Half a decade ago, Orange County’s city and county officials rallied behind a new strategy to address homelessness:
Build 2,700 units of housing for homeless people with on-site support services – something studies have shown improves people’s lives while reducing overall costs for taxpayers.
Nearly five years later, the county is moving forward on a series of projects, including one in Costa Mesa slated to break ground next month that will convert a Motel 6 into housing for 80 veterans and seniors.
But local officials remain far behind its objectives.
Lagging Behind Housing Goals
So far, OC has finished only about 17% of its permanent supportive housing goal, according to the latest data from the Orange County Housing Finance Trust, the joint city-county agency that coordinates funding for the projects.
As of this week, a total of 479 permanent supportive housing units have been “completed,” while another 608 are under construction, according to the agency’s data.
“That’s great that everyone agrees that we need it. But if the plan is, we’ll have it in 5 to 15 years,” homelessness will only continue to grow by then, said Brooke Weitzman, an attorney who represents homeless people in Orange County.
“We’re well on our way to having another year where the number reduction in homelessness is the same as the number of people who died in the streets this year,” she added.
State leaders have set aside billions of dollars for local governments to convert motels, hotels and other buildings into permanent supportive housing, under a grant program known as “Project Homekey.”
That means money isn’t a barrier anymore to creating the housing, said county Supervisor Katrina Foley, who has met with mayors and city managers in the areas she represents to encourage them to allow motel conversions.

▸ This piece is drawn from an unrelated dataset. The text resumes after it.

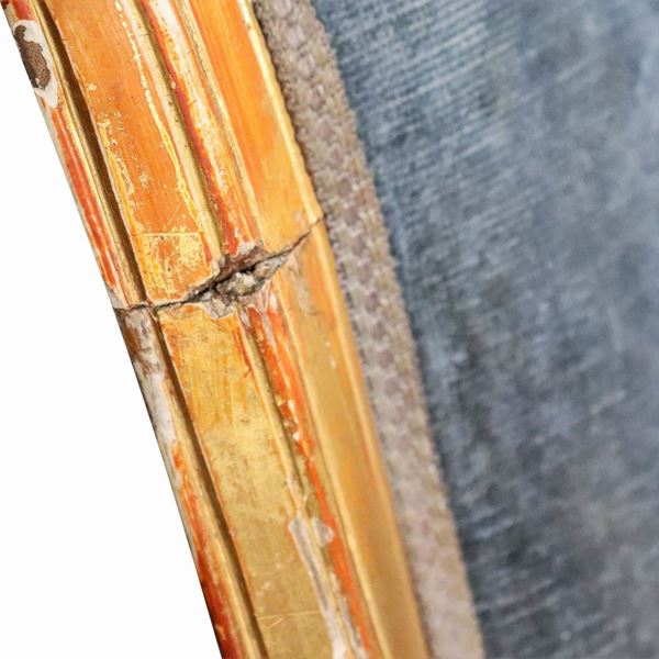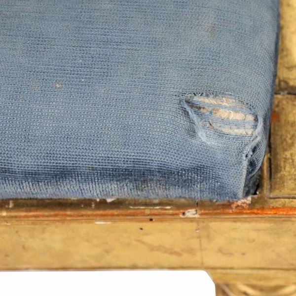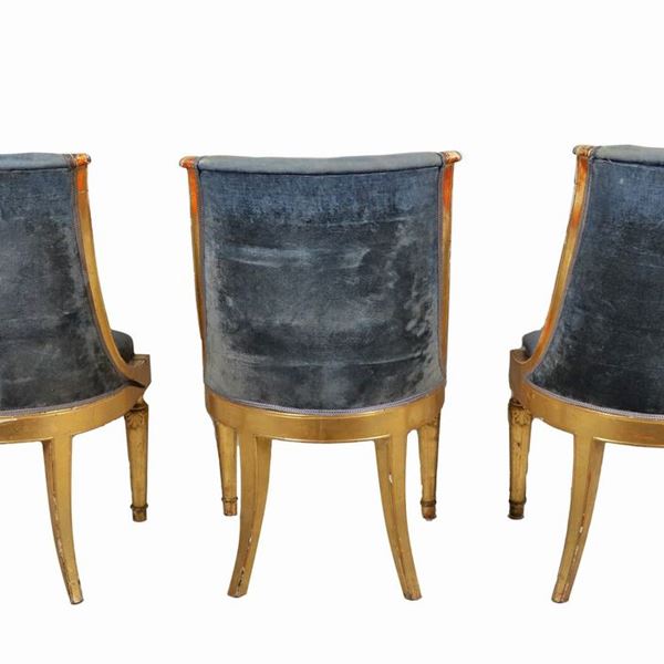 Lotto di tre antiche sedie di linea Impero in legno dorato, schienali a pozzetto

“The money is available if people are ready to go” with projects, she said.
Foley added that officials need to be proactive about identifying properties “so we can pounce when we have funding grant opportunities.”
Encouraging Local Officials to Convert Rundown Motels
The vast majority of the county’s motel conversions are in districts represented by Foley – the only supervisor known to have convened city officials to encourage them to apply for the grants.

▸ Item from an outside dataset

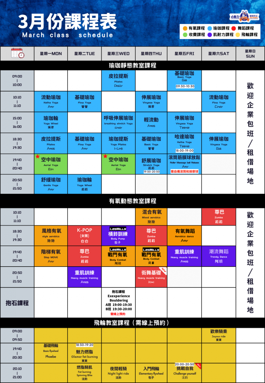 3月份課表

Requests for comment were not returned from the other four county supervisors.
The OC Housing Finance Trust’s chairman, Stephen Faessal, provided a written statement noting the agency has received $25 million to fund “1,065 affordable and permanent supportive housing” units.
608 of those are permanent supportive homes currently under construction, wrote Faessal, who also is an elected Anaheim councilman.
Foley said the county “languished for a couple years” before she was elected supervisor in 2021 and convened city leaders in her district.
Before that, “there was no real outreach to my city” of Costa Mesa, said Foley, who was the city’s mayor until she was elected to the county board.
Instead, she said, the county was “reacting instead of outreaching and engaging and creating a proactive plan.”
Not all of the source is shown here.